Sigrid looked around helplessly, then saw the call bell on the wall beside the woman’s bed. She went over and pushed it. While she waited, she took a shiny white card from her purse and gently pressed it against Barbara’s fingers; first the left hand, then her curled right hand. After the card was carefully tucked into her notebook, she sat holding the sobbing woman’s hands until the nurse came.

“What’s going on?” said Rusty Guillory, when Sigrid emerged. He had managed a couple of hasty pictures of the distrait Barbara Zajdowicz before the nurse closed the door again. “Didja give her a heart attack or something?”

A small crowd had gathered in that section of the corridor and as Sigrid’s eyes fell upon Mr. Hogarty, the plump little man looked embarrassed and scuttled away.

“Hey, wait a minute!” called Guillory. “We didn’t finish.”

“Yes, you did,” said Sigrid. “Come on, Guillory.
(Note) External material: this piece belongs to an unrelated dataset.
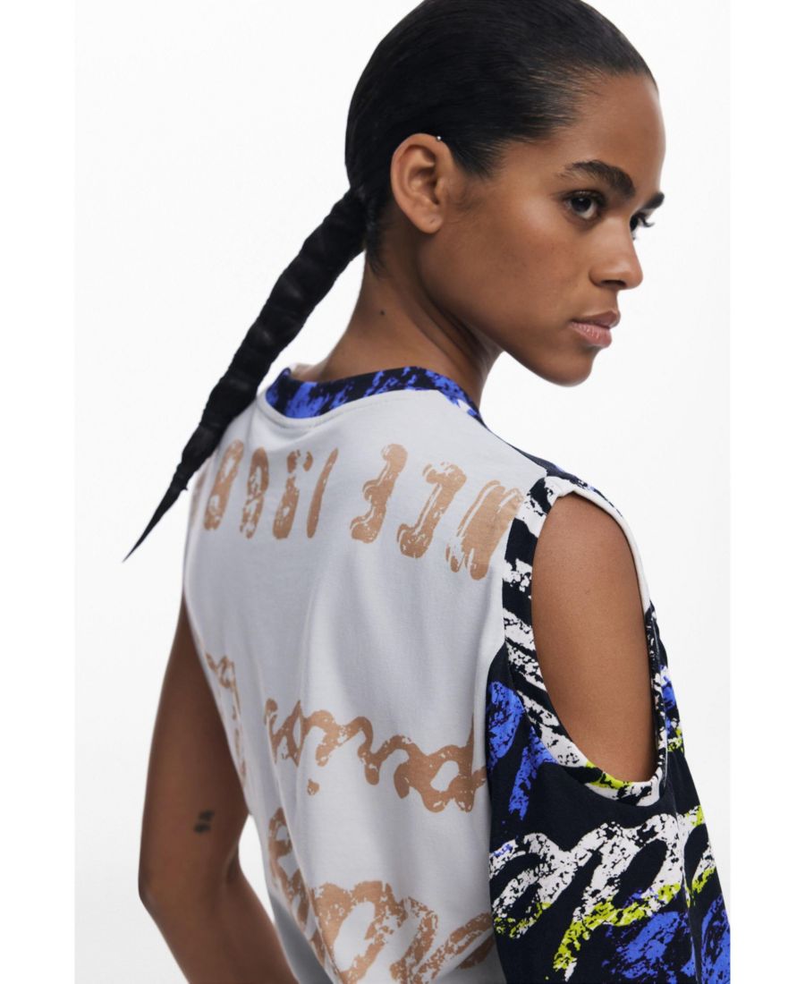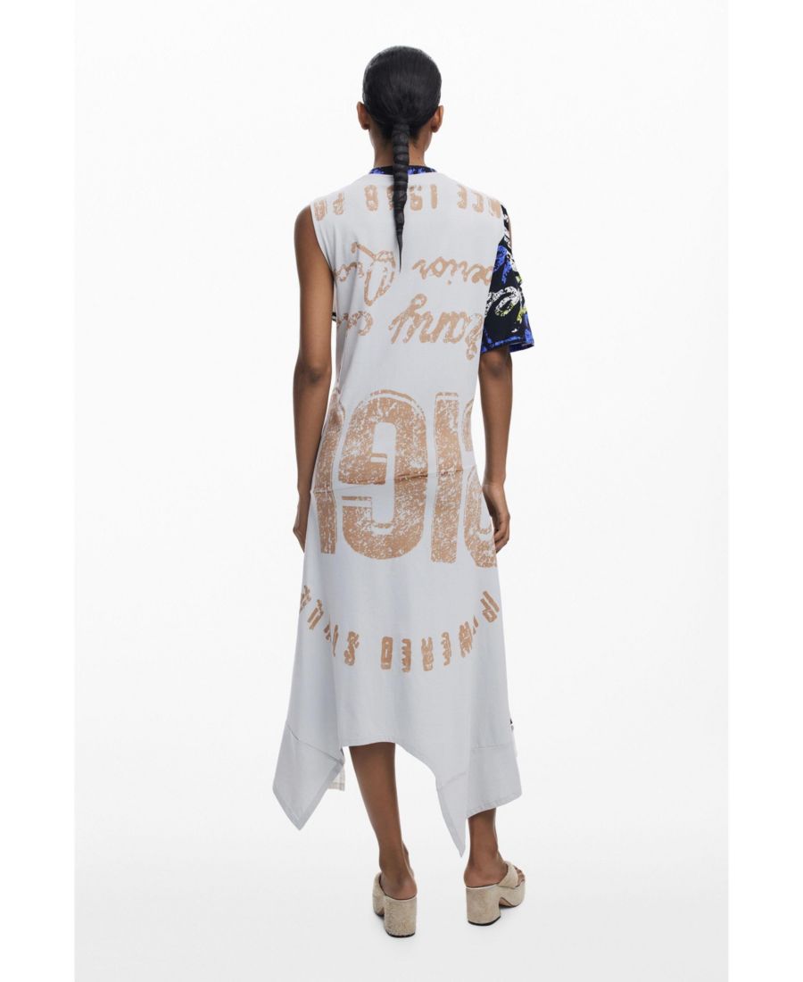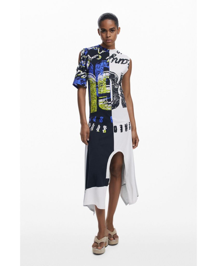 Платье асимметричного кроя разной длины с принтом в виде надписей и вырезами.

Give it a rest.”

“Then give me a statement,” he countered. “What’d she tell you?”

“She’s confused and unhappy,” Sigrid told him. “She’s had several strokes, her speech is badly slurred and her mind’s not very clear.”

“But you got something out of her. I know you, Lieutenant.”
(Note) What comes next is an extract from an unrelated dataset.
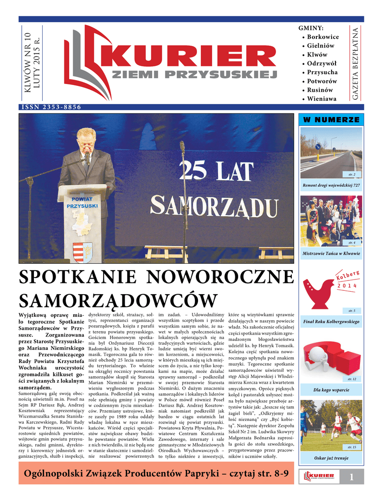 ISSN 2353-8856 GAZETA BEZPŁATNA KLWÓW NR 10 LUTY 2015 r. GMINY: • Borkowice • Gielniów • Klwów • Odrzywół • Przysucha • Potworów • Rusinów • Wieniawa W N U M E R Z E str. 2 Remont drogi wojewódzkiej 727 str. 4 Mistrzowie Tańca w Klwowie SPOTKANIE NOWOROCZNE SAMORZĄDOWCÓW Wyjątkową oprawę miało tegoroczne Spotkanie Samorządowców w Przysusze. Zorganizowana przez Starostę Przysuskiego Mariana Niemirskiego oraz Przewodniczącego Rady Powiatu Krzysztofa Wochniaka uroczystość zgromadziła kilkuset gości związanych z lokalnym samorządem. Samorządową galę swoją obecnością uświetnili m.in. Poseł na Sejm RP Dariusz Bąk, Andrzej Kosztowniak reprezentujący Wicemarszałka Senatu Stanisława Karczewskiego, Radni Rady Powiatu w Przysusze, Wicestarostowie sąsiednich powiatów, wójtowie gmin powiatu przysuskiego, radni gminni, dyrektorzy i kierownicy jednostek organizacyjnych, służb i inspekcji, dyrektorzy szkół, strażacy, sołtysi, reprezentanci organizacji pozarządowych, księża z parafii z terenu powiatu przysuskiego. Gościem Honorowym spotkania był Ordynariusz Diecezji Radomskiej ks. bp Henryk Tomasik. Tegoroczna gala to również obchody 25 lecia samorządu terytorialnego. To właśnie na okrągłej rocznicy powstania samorządów skupił się Starosta Marian Niemirski w przemówieniu wygłoszonym podczas spotkania. Podkreślał jak ważną role spełniają gminy i powiaty w codziennym życiu mieszkańców. Przemiany ustrojowe, które zaszły po 1989 roku oddały władzę lokalna w ręce mieszkańców. Wśród części specjalistów największe obawy budziło powstanie powiatów. Wielu z nich twierdziło, iż nie będą one w stanie skutecznie i samodzielnie realizować powierzonych im zadań. – Udowodniliśmy wszystkim sceptykom i przede wszystkim samym sobie, że nawet w małych społecznościach lokalnych opierających się na tradycyjnych wartościach, gdzie ludzie umieją być wierni swoim korzeniom, a miejscowości, w których mieszkają są ich miejscem do życia, a nie tylko kropkami na mapie, może działać sprawny samorząd – podkreślał w swojej przemowie Starosta Niemirski. O dużym znaczeniu samorządów i lokalnych liderów w Polsce mówił również Poseł Dariusz Bąk. Andrzej Kosztowniak natomiast podkreślił jak bardzo w ciągu ostatnich lat rozwinął się powiat przysuski. Powiatowa Kryta Pływalnia, Powiatowe Centrum Kształcenia Zawodowego, internaty i sale gimnastyczne w Młodzieżowych Ośrodkach Wychowawczych – to tylko niektóre z inwestycji, które są wizytówkami sprawnie działających w naszym powiecie władz. Na zakończenie oficjalnej części spotkania wszystkim zgromadzonym błogosławieństwa udzielił ks. bp Henryk Tomasik. Kolejna część spotkania noworocznego upłynęła pod znakiem muzyki. Tegoroczne spotkanie samorządowców uświetnił występ Alicji Majewskiej i Włodzimierza Korcza wraz z kwartetem smyczkowym. Oprócz pięknych kolęd i pastorałek usłyszeć można było największe przeboje artystów takie jak: „Jeszcze się tam żagiel bieli”, „Odkryjemy miłość nieznaną” czy „Być kobietą”. Następnie dyrektor Zespołu Szkół Nr 2 im. Ludwika Skowyry Małgorzata Bednarska zaprosiła gości do stołu szwedzkiego, przygotowanego przez pracowników i uczniów szkoły. Ogólnopolski Związek Producentów Papryki – czytaj str. 8-9 str. 5 Finał Roku Kolbergowskiego str. 12 Dla kogo wsparcie str. 15 Oskar już trenuje 1 Wspaniała wiadomość dla kierowców z naszego powiatu! Szanowni Państwo, mieszkańcy miejscowości położonych przy drodze wojewódzkiej nr 727 relacji Klwów – Przysucha. Z niezwykłą radością pragnę poinformować, iż Zarząd Województwa Mazowieckiego na czele z Marszałkiem Województwa Adamem Struzikiem wprowadził do budżetu Wieloletniej Prognozy Finansowej budowę drogi wojewódzkiej nr 727 od miejscowości Sady-Kolonia do Skrzyńska o długości 10 kilometrów. Jeszcze w tym roku zostanie wykonany odcinek drogi o wartości 8 milionów złotych. Po konsultacji z Dyrektorem Mazowieckiego Zarządu Dróg Wojewódzkich, Zarządem Powiatu Przysuskiego, Burmistrzem Miasta i Gminy Przysucha, jak również Wójtem Gminy Borkowice Robertem Fidosem (mieszkańcem Skrzyńska) podjęliśmy decyzję, biorąc pod uwagę przede wszystkim potrzeby mieszkańców, że budowa drogi rozpocznie się od Skrzyńska i przez kolejne lata do zakończenia kadencji będzie połączona z nowo powstałym odcinkiem Klwów – Sady-Kolonia. Pragnę również zwrócić uwagę, że fakt budowy drogi już w tym roku jest możliwy przede wszystkim dzięki wygraniu przez Samorząd Województwa Mazowieckiego w Trybunale Konstytucyjnym sprawy tzw. „Janosikowego” i pozyskanie przez to dodatkowych środków finansowych, oczywiście nie bez znaczenia pozostaje fakt sukcesu samorządowego Polskiego Stronnictwa Ludowego w wyborach samorządowych i wyboru właściwych ludzi, którzy we właściwy sposób zabiegali, a nawet prosili o to, co jest najważniejsze na dzień dzisiejszy dla Północy Powiatu Przysuskiego, a szczególnie dla mieszkańców Skrzyńska, Janikowa, Glińca, Woli Więcierzowej i Sadów, bo macje chciałbym przekazywać ci którzy tam mieszkają lub jeż- Państwu jak najczęściej, bo spradżą wiedzą o czym piszę. wiają mi mnóstwo satysfakcji. Szanowni Państwo takie infor- Z wyrazami szacunku Wójt Gminy Klwów Prezes ZP PSL w Przysusze Piotr Papis MOŻEMY POMÓC LUDZIOM W POTRZEBIE W każdym z nas tkwi potrzeba krzewienia dobra. Stąd bierze się wielka popularność medialnych akcji charytatywnych. Telewizja ma wielką siłę sprawczą i cieszy się naszym zaufaniem. Informacja podana publicznie wydaje się być później publicznie weryfikowalna. Dlatego ufamy telewizyjnym apelom i wysyłamy sms-y charytatywne, czy bierzemy udział w wielkich akcjach. Pomagamy ludziom poprzez wypromowane medialnie fundacje przekazując do dyspozycji decydentów ogr

Sigrid looked at the circle of avid faces that ringed them. Resigned, she said, “Put your coat on and let’s go. You want to make your deadline, don’t you?”

They walked through the now-buzzing corridor. “It’s not much of a story and we’ll probably never know what really happened,” she warned.

“That’s okay,” Guillory said cynically. “Feel free to speculate. I’m going to.”